Я закурил сигарету и осмотрелся. Здесь было очень приятно. Приглушенный свет после слепящего блеска белого кораллового песка на берегу успокаивал зрение. Такой эффект создавали шторы на окнах из какого-то не слишком плотного материала темно-зеленого цвета. В тон им были зеленоватые стены и ничем не застланный цементный пол с вкраплениями местного камня. Слева в стену был вделан кондиционер, работавший почти бесшумно. Над ним висела какая-то лицензия большого формата. Между кондиционером и окном располагался музыкальный центр светлого дерева. В дальнем конце находился обеденный стол из бамбука со стеклянной столешницей, а возле него — скамья. Ближе к середине комнаты стояли длинная кушетка и два кресла с подлокотниками. Рядом — кофейный столик из тикового дерева. На кушетке и креслах, тоже из бамбука, лежали яркие подушки. Противоположную стену, рядом со входом, занимали книжные полки. Справа от них находился массивный стол с телефоном, портативной пишущей машинкой, несколькими пачками бумаги и двумя фотоаппаратами — “Роллифлексом” и какой-то 35-миллиметровой камерой. Я подошел к столу и увидел также несколько кюветок с цветными слайдами и фотографиями, сделанными на островах Кис. Большая их часть размером восемь на десять дюймов, цветные и черно-белые. Я подумал, что это, вероятно, работы Патриции. Потом вспомнил про книгу “Музыка ветров”. Да, она, несомненно, была фотохудожником.

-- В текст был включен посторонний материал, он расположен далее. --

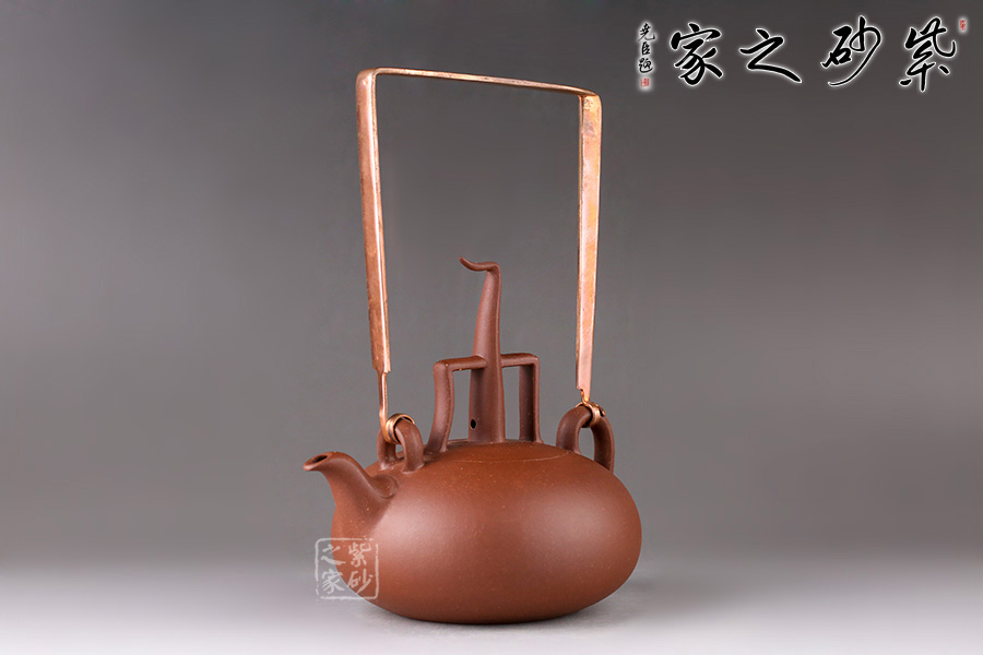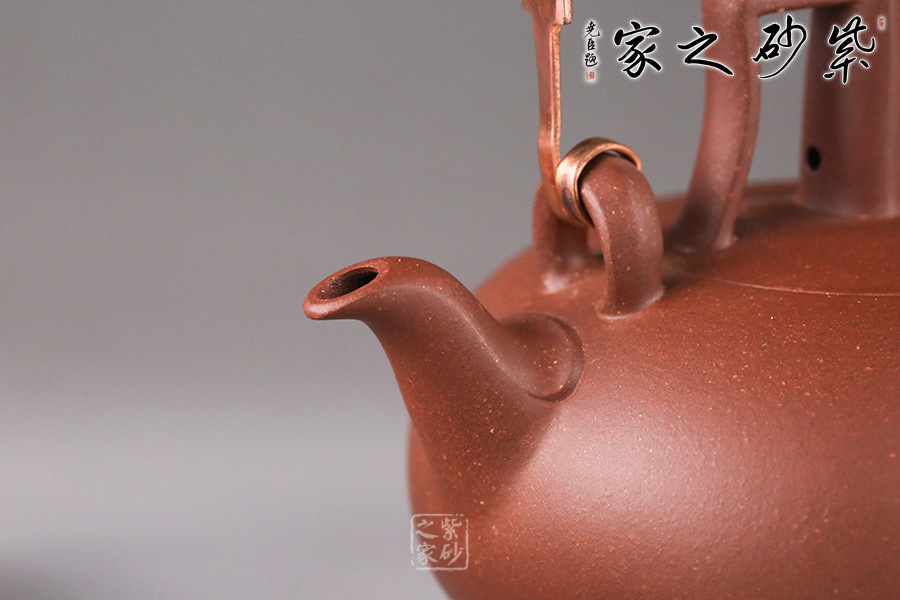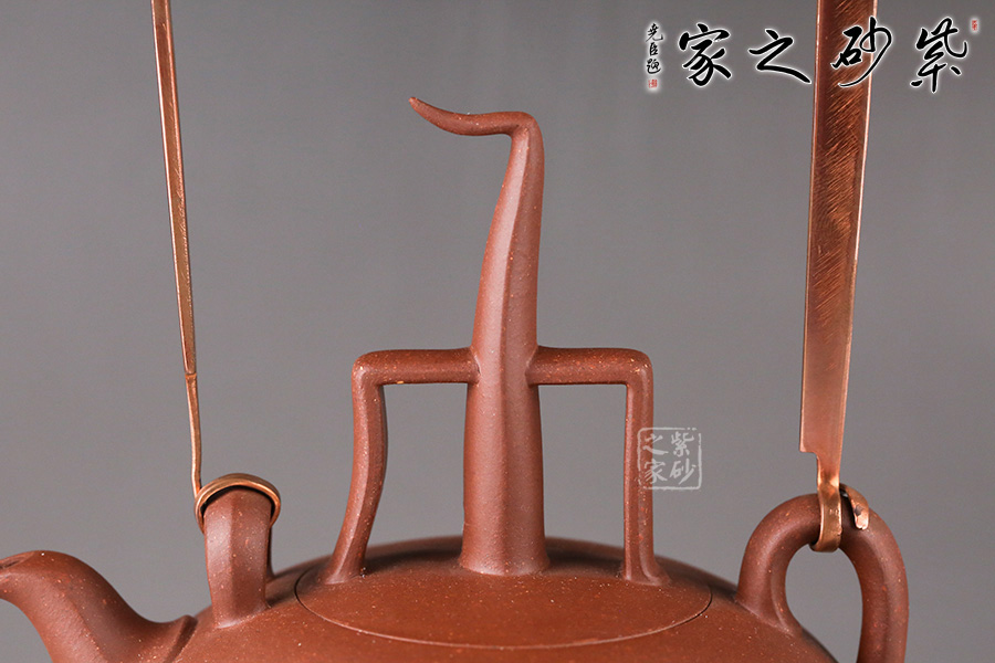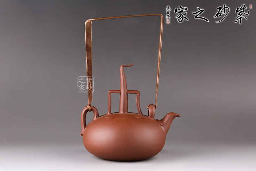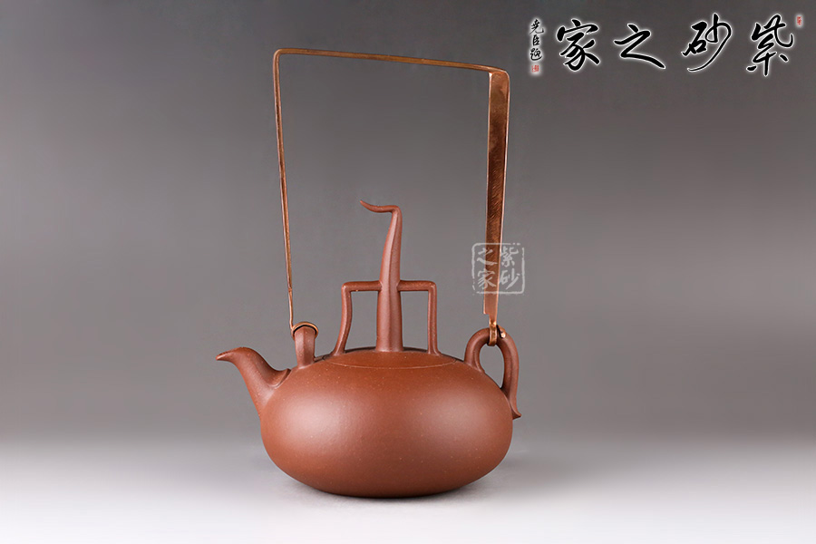 此壺造型厚重大氣又注重美學(xué)效果,風(fēng)格高雅,壺身氣韻飽滿,壺把、壺嘴、壺蓋設(shè)計構(gòu)思巧妙,凸顯靈氣,給整把壺增加了靈韻。觀此壺,如一只行進(jìn)的帆船,讓人聯(lián)想到詩仙李白的“長風(fēng)破浪會有時,直掛云帆濟(jì)滄?!钡陌蹴绱髿?。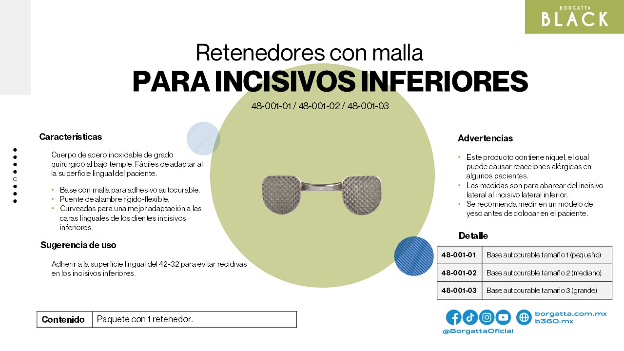 Acero inoxidable de alta resistencia a la fractura y corrosión, proveen soporte de las piezas dentales al finalizar el tratamiento.

До меня доносился приглушенный шум льющейся воды. Патриция действительно не заставила себя долго ждать. Она появилась в симпатичном голубом платье и сандалиях на босу ногу. Коротко подстриженные волосы не нуждались в специальном уходе. Здесь, в доме, они казались чуточку темнее, чем на солнце. Патриция Рейган, несомненно, была очень привлекательна. Заметно было, что она вновь обрела присутствие духа и даже улыбалась.
— Извините, что заставила вас ждать.
— Ничего страшного, — заверил я ее. Мы сели и закурили.
— Как вы меня разыскали? — спросила она.
— Ваша соседка по комнате в Санта-Барбаре сказала мне, что вы работаете здесь над статьями для журналов.
— К сожалению, это не совсем так, — призналась Патриция. — Статей мне никто не заказывал. Ведь я еще не профессионал. Просто один издатель обещал взглянуть на статью об островах Кис. Мне удалось договориться с хозяевами этого дома — мистером и миссис Холланд, — что я поживу здесь, пока они путешествуют по Европе. Они были нашими соседями, когда мы жили в Массачусетсе. Заодно я делаю здесь цветные слайды и занимаюсь подводной съемкой возле рифов.
— Но это не такое уж безопасное занятие — нырять в одиночку! — заметил я.